Idea 3 – Cardboard Piano (Capacitive Touch)
Build your own simple musical instrument! With just cardboard, metallic foil, and your microcontroller, you’ll create a working touch piano — no traditional buttons needed. This project introduces you to capacitive touch sensing and fun creative electronics.
Recommended:
Before you try this advanced piano example, please work through the very basic capacitive touch sensor instruction and test them. It will give you the foundational knowledge you need to set up your Capacitive Touch sensor and understand touch detection, making it much easier to get this sound project working!
What does the Cardboard Piano do?
The cardboard piano uses “keys” made of metallic foil on a cardboard base. Touching a key changes its capacitance, which is detected by the MPR121 touch sensor. Each key is connected to a separate MPR121 input. When touched, your microcontroller can play a sound (for example, a piano note from stored MP3 files using a speaker).

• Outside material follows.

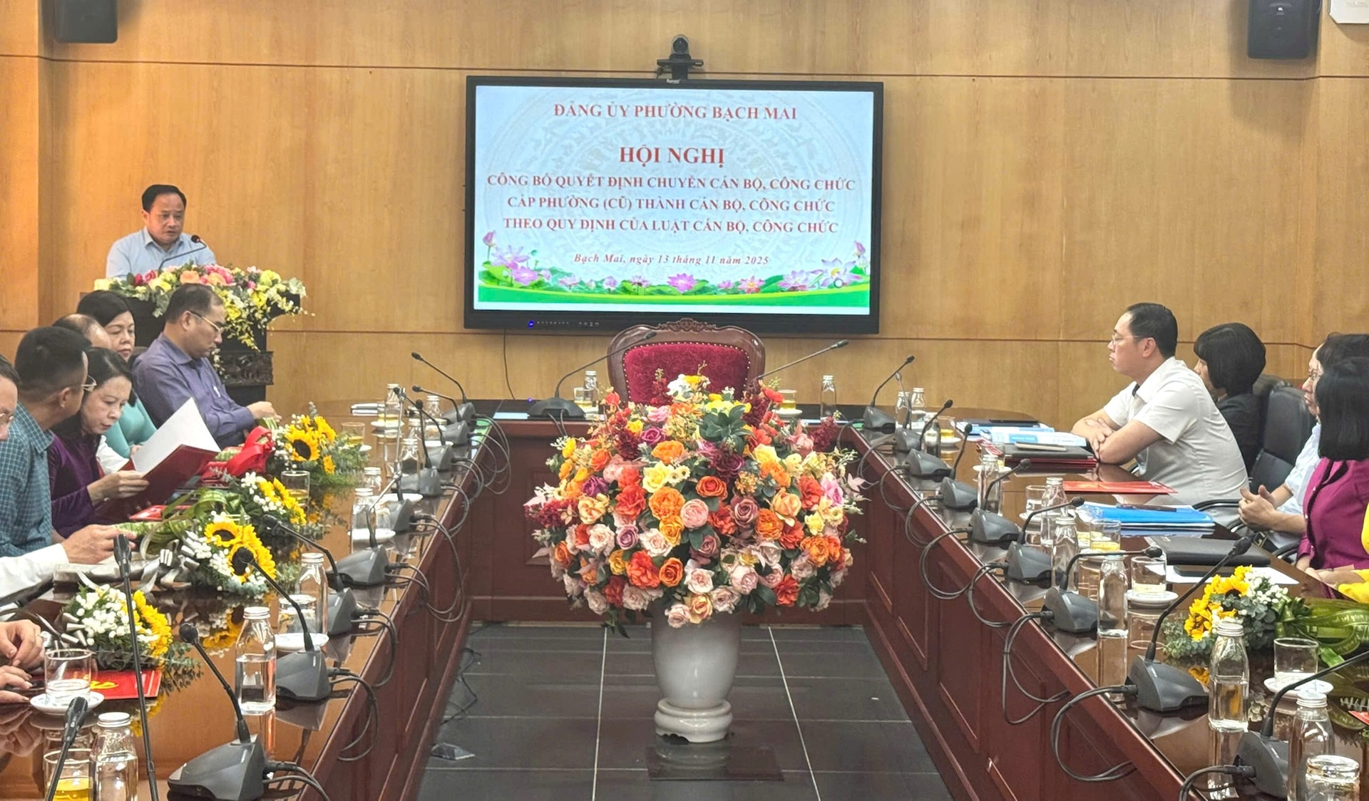 Tại hội nghị, đồng chí Nguyễn Tiến Toàn, Phó Trưởng Ban Xây dựng Đảng Đảng ủy phường Bạch Mai đã công bố Quyết định số 22-QĐ/BTCTU ngày 1-11-2025 của Ban Tổ chức Thành ủy Hà Nội về việc chuyển 13 cán bộ, công chức cấp xã (cũ) thành cán bộ, công chức công tác tại Đảng ủy phường Bạch Mai theo quy định của Luật Cán bộ, công chức.

How Capacitive Touch Works
Capacitive touch sensors detect tiny changes in electrical properties (capacitance) when you touch a conductive surface. This principle is used in smartphone screens and touch lamps! The MPR121 sensor automatically records a “baseline” value when powered on.
Note: The sensor establishes a “baseline” for capacitance on power-up. If you make changes to the connected objects or wiring after starting the system, you must restart the microcontroller (by saving your code again in the Mu-Editor) so the sensor can recalibrate for correct operation.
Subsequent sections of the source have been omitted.